Concernant la première remarque, on peut souligner – à décharge – que le CGL indique en début d’entrée : « There are two basic senses: (1-5) lead, (6) consider ». Cela vaut aussi pour le GE, qui, quoique très touffu à la manière du LSJ, possède un encart grisé en début d’article qui permet d’aller à l’essentiel de la même manière. On est malgré tout surpris de cette prolifération de sens. Pour la comprendre, il faut se reporter aux indications des éditeurs : « Entries are organised no primarly according to chronological or grammatical criteria, but according to meaning, with a view to showing the developing senses of words and the relationships between thoses senses. » Cet objectif me laisse sceptique car il suppose un travail inouï, et son intérêt concret (par exemple pour des traducteurs qu’importe peu l’histoire du sens d’un mot) me paraît limité ; dans les faits, la perception du « développement du sens » d’un vocable et les diverses « relations » d’un sens à l’autre seront plus subjectives qu’objectives (car pour parler objectivement il faudrait une étude de fond pour chaque lexème, ce qui n’est pas réalisable, même en 20 ans). Pour le cas de ἡγέομαι, les nuances ou différences dans les rubriques 1-5 sont peu évidentes.

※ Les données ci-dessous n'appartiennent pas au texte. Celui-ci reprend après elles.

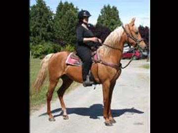 A superb saddlehorse with a great mouth, no bad habits, easy to manage, great ground manners, parks, long lines, lounges, trailers, very nice in the arena and on trails. Eager to learn, capable of any discipline.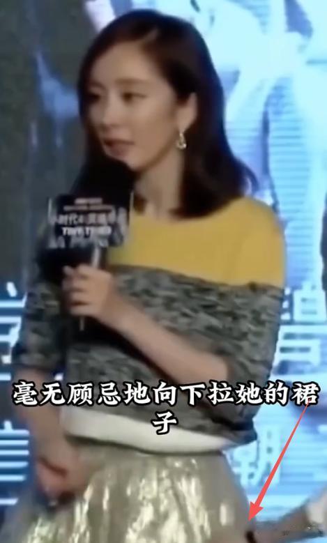 就是在当时她还没有爆火的时候在参加一个发布会的时候,在舞台上面站着发言旁边的一位导演却在用力的拽她的裙子往下拽,不知道是不是因为裙子踢得太高的原因她在用力的拽着自己的裙子,可是奈何台下那么多人也不能做出不好的举动,更何况当时的他也是一位小小的演员,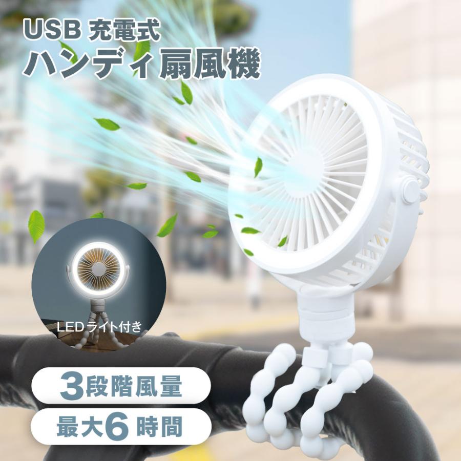 扇風機 卓上扇風機 ベビーカー 360°角度調節 LEDライト 卓上 三脚 小型 ハンディ扇風機 ハ・・・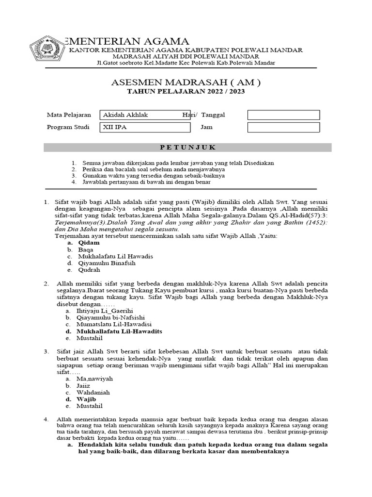 Asesmen Madrasah 2026 menekankan pentingnya pemahaman mendalam tentang akidah dan akhlak sebagai fondasi keimanan siswa. Simulasi 20 soal Akidah Akhlak kelas 12 ini dirancang sesuai kisi-kisi terbaru untuk melatih analisis dan penerapan nilai-nilai Islam. Latihan ini membantu guru dan siswa mengevaluasi penguasaan materi secara efektif menjelang ujian.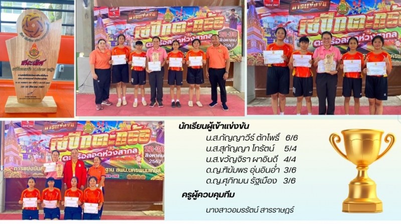 ขอแสดงความยินดีกับนักเรียนและคณะครูกลุ่มสาระการเรียนรู้สุขศึกษาและพลศึกษา ที่ได้รับรางวัลชนะเลิศ การแข่งขันกีฬาเซปักตะกร้อ ระดับชั้น ม.ปลายหญิง การแข่งขันกีฬานักเรียนการศึกษาขั้นพื้นฐาน สพม.นครพนมเกมส์ ต้านภัยยาเสพติด TO BE NUMBER ONE ครั้งที่ 5 ประจำปี 2567 ระหว่างวันที่ 28-30 สิงหาคม 2567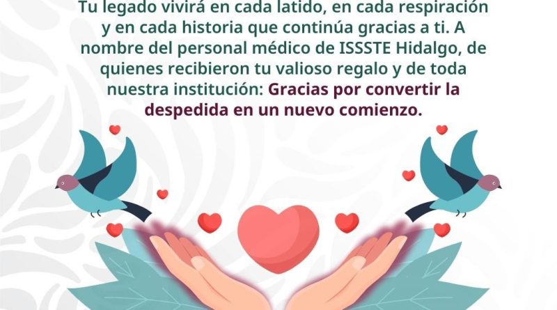 Pachuca de Soto, Hidalgo, a 15 de enero de 2026.- El Hospital General (HG) “Dra. Columba Rivera Osorio” en Pachuca, Hidalgo, adscrito al Instituto de Seguridad y Servicios Sociales de los Trabajadores del Estado (ISSSTE), a cargo del director general Martí Batres Guadarrama, registró la primera donación de tejido del 2026, gracias a la generosidad de una derechohabiente, cuya voluntad fue dar a otras personas una segunda oportunidad de vida.

Dans le cas du verbe ἡγέομαι, la définition la plus efficace reste, et de loin, celle du BDAG. Non seulement les deux principaux sens sont clairement mis en relief, mais de plus une réelle définition est proposée. Le LSJ reste incontournable pour les points de détail ou comme clé d’entrée dans un corpus choisi d’exemples, de même que le GE et pour les mêmes raisons, lequel ne démérite pas à la fois pour sa clarté (encart initial), et son exhaustivité. La plus touffue et imbuvable est sans conteste celle du LSJ. Et la plus concise, quoique très compartimentée, celle du CGL.

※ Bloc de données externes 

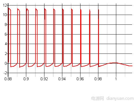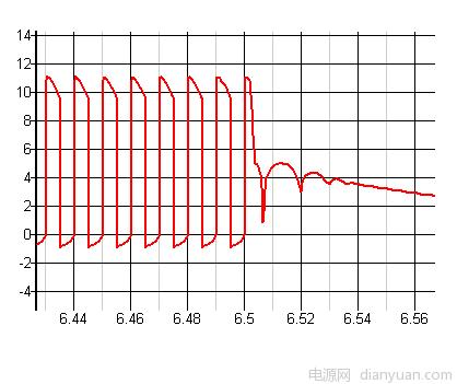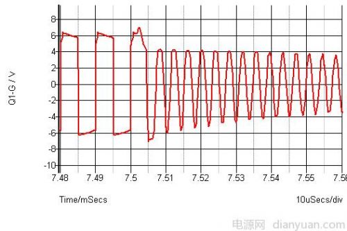 可见,在驱动突然关掉之后,C1上的能量,会引起驱动变的电感,C1以及mos的结电容之间的谐振。如果这个谐振电压足够高的话,就会触发MOS,对可靠性带来危害。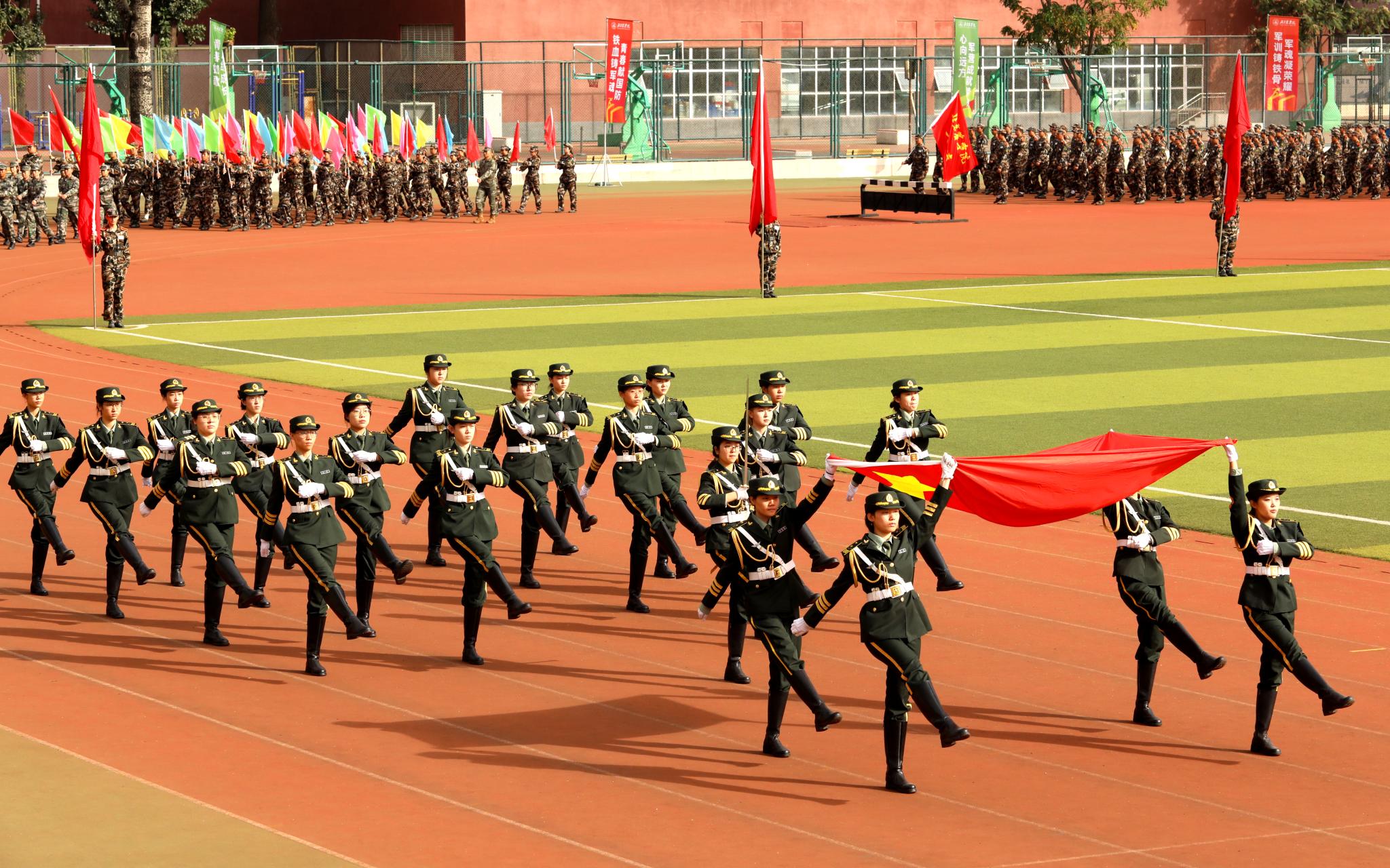 相關職能部門和二級學院負責人,帶訓教官、隨訓教師,輔導員、班主任、全體參訓學員參加軍訓成果匯報展示活動。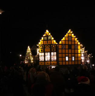 Wir waren gestern auf dem Weihnachtsmarkt im Freilichtmuseum Hagen. Mittlerweile ist es schon eine richtige Tradition für uns geworden, denn wir finden das dies einer der schönsten Weihnachtsmärkte ist. Wenn irgendwie möglich versuchen wir jedes Jahr dort hin zu kommen. Viele der Aussteller zeigen in den historischen Häusern und den kleinen Buden ihre Kunst und verkaufen Ihre Produkte, welche allesamt handwerklich hergestellt worden sind. Hier ist nicht der übliche " Kirmes- Weihnachtsmarkt" !!! Auch hatten wir dieses Jahr richtig großes Glück, denn wir konnten einen Parkplatz direkt am Freilichtmuseum ergattern. Denn PKW Parkplätze sind echt rar und die Parkplatzsituation ist jedes Jahr aufs neue ein Chaos. Trotz des unermüdlichen Einsatzes vom THW ist es schwer einen Stellplatz für sein Auto zu bekommen. Aber hier setzt die Hagener Strassenbahn viele Sonderbusse ein um den verkehr etwas zu entspannen - allerdings sind diese Busse dennoch oft bis zum letzten Platz gefüllt. Da der Weg vom Parkplatz bis zum Museum doch etwas weit ist hat die Museumsleitung auch dieses Jahr wieder Pendelbusse eingesetzt, welche die Beucher direkt vor das Kassenhäuschen bringt. Der Eintritt ist mit 5,- Euro für Erwachsene sogar erschwinglich. Für das leibliche Wohl ist natürlich auch bestens gesorgt: Neben einigen Wurst- und Glühweinständen konnten wir unter anderem auch Verkaufsstände mit Grünkohl, Lachsbrötchen, Waffeln, Potthucke und natürlich die Musumseigenen Läden wie z.B. den Bäcker oder die Brauerei mit eigenem WInterbier entdecken. Sogar den Nikolaus im feierlichen St. Bishofskostüm konnten wir sehen. Dieser soll an allen drei Öffnungstagen zwischen 17 und 19 Uhr den Besuchern eine kleine Freude machen. An einigen Plätzen gibt es Musik mit Alphörnern, Bands und Chören. Die Musiker präsentieren von Irish-Folk über Weihnachtsjazz bis Weihnachtspop Live-Klänge statt "Musik aus der Konserve". Zum Abschluss waren wir dann noch im Bauernhof unten an den Parkplätzen und haben uns dort mit leckenem Zwiebelbrot und Stuten, sowie diversen Käsesorten eingedeckt. Wie jedes Jahr war es ein toller Ausflug !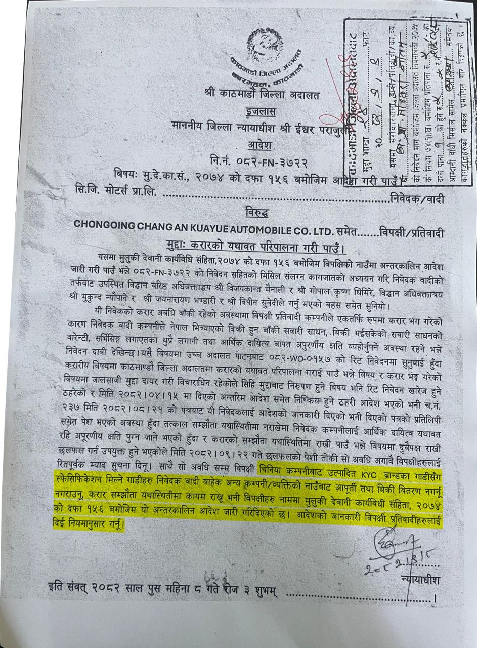 देवानी कार्यविधि संहिता २०७४ को दफा १५६ बमोजिम अन्तरकालीन आदेश जारी गर्दै अदालतले केवाईसी ब्रान्डका गाडीमात्र होइन, उही स्पेसिफिकेसनका गाडी भित्र्याउने र बजारमा बिक्री–वितरण गर्ने कार्य रोक्न निर्देशन दिएको हो ।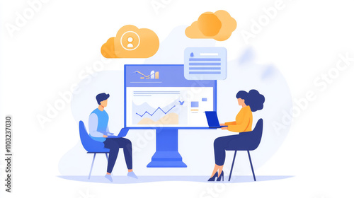 Online internet business conceptual banner. Work in home office and distance collaboration with team through cloud web service. Phone app of digital service management of business on mobile devices.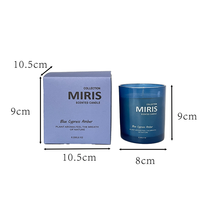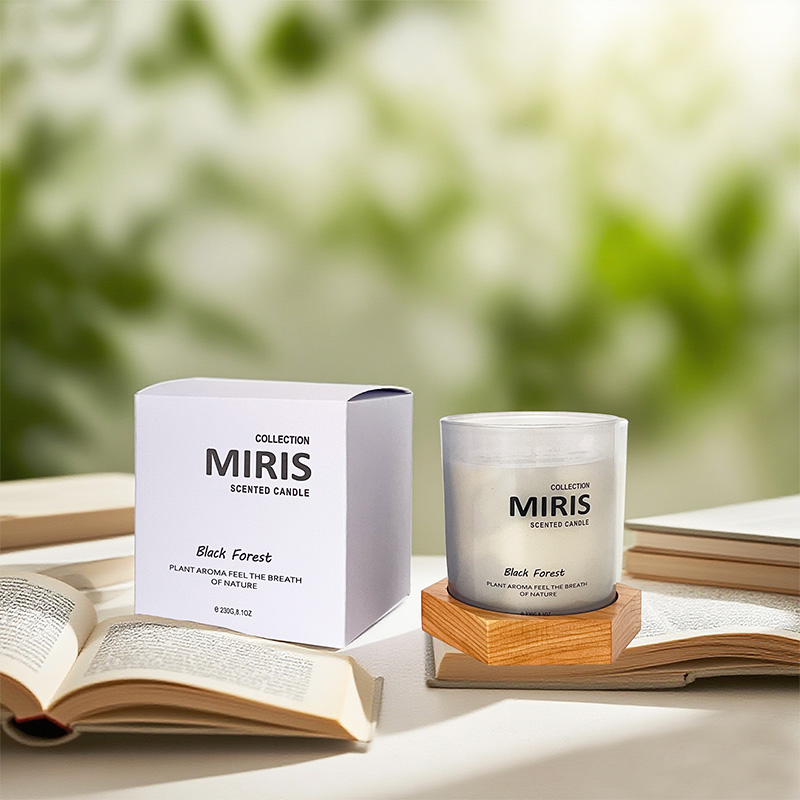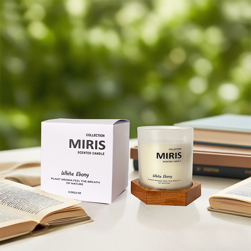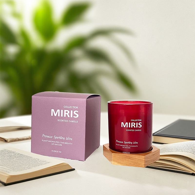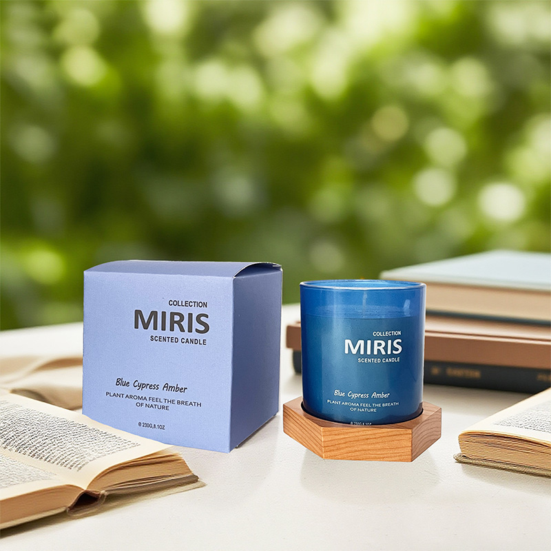 This scented candle cleverly combines modern colored printing with a natural wood base, creating a fragrance product that is both stylish and stable. The candle has a net weight of 213 grams and measures 8 cm in diameter and 9 cm in height. The jar body features bright colors and clear, eye-catching printed text, while the bottom is equipped with a matching natural solid wood base. This not only enhances overall stability but also adds a warm, natural texture.

En somme le CGL apparaît, pour les personnes souhaitant s’en servir aux fins d’études bibliques (ce qui est le détourner un peu de son usage premier), comme un outil complémentaire et intermédiaire. Ce n’est pas un lexique avancé, et il présente quelques inconvénients fâcheux comme l’absence de citations de ses sources exactes, et son étendue, osons le mot, réduite (on aimerait d’ailleurs bien savoir le nombre de lexèmes retenus). Mais il a des qualités importantes, à savoir sa (relative) indépendance de la tradition lexicographique commune (à vérifier à l’usage, mais à première vue perceptible), et son exergue sur les constructions grammaticales. Sa concision en fait outil de consultation rapide, plus complet et moderne que l’Intermediate LSJ, moins exhaustif bien entendu que le LSJ, mais beaucoup efficace par sa clarté.